Whenever we start talking about spirituality, I just want to puke.

On the other hand, there are billions of people, including scientists, who believe that religion is an important part of our lives which helps us to maintain balance in personal and social life. According to their views, religion is the outcome of the entire evolutionary history of humanity. They argue that you can disagree with this specific theory but the cultural and psychological importance of religion cannot be neglected in any circumstances. It is a part and parcel of our lives which has been with us throughout the course of our journey as a species. We seek help from it in all phases of life and it has a significant impact on the personality of an individual. As far as these people are concerned, it is simply impossible for science to wipe it away from the surface of this planet. Jeffrey Kluger, a representative of the ‘Time Magazine’ described their views in the following words:

Our brains and bodies contain an awful lot of spiritual wiring.

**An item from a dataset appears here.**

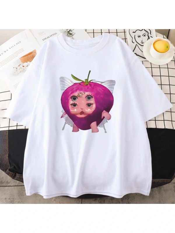 Melanie Martinez çilek sevimli grafik T shirt yeni erkek kadın's Kawaii gevşek giysiler kısa

Anyone with rational thinking and a substantial amount of knowledge can acknowledge that religious concepts are quite useful for some needs that are not answered by the latest technology of our time. Similarly, science is making some extraordinary revelations like studying sub-atomic particles and exploring the underlying structure of the Earth. Religion is generally silent about these findings yet masses of the general public prefer it over science. According to a study which was published last year in July, the minds of religious people are dominated by emotion over analytic thinking.

The researchers at the Case Western Reserve University in Ohio interviewed 900 people (a mix of both religious and non-religious) to determine the personality traits that lead to such an unshakable belief. They found that those religious people who remain certain on their religious beliefs despite an evidence against it are emotionally attached to them. The fact that their beliefs have an association with their morals is a strong reason for this bond. They also observed that people on both sides that had higher levels of critical reasoning were less dogged about their beliefs. Anthony Jack, a Co-author of the study who works as an Associate Professor of Philosophy described their findings by saying,

Emotional resonance helps religious people to feel more certain – the more moral correctness they see in something, the more it affirms their thinking. In contrast, moral concerns make non-religious people feel less certain.”

Earlier than this publication, the same team of researchers proposed that there are two different networks of the brain. One of them deals with analytic thinking while the other one is responsible for empathy. They stressed that the study published in the ‘Journal of Religion and Health’ adds more weight to their original claims. They claimed that the minds of atheists are controlled by the analytic network while empathy rules over the minds of the religious people. The fact that they questioned atheists as well as people from 24 religions including Islam, Christianity, Buddhism, and Hinduism added a great deal of authenticity to their results. Jack tried to explain both extremes as he said,

Terrorists, within their bubble, believe it’s a highly moral thing they’re doing. They believe they are righting wrongs and protecting something sacred. Atheists may lack the insight to see anything positive about religion. They can only see that it contradicts their scientific, analytical thinking.”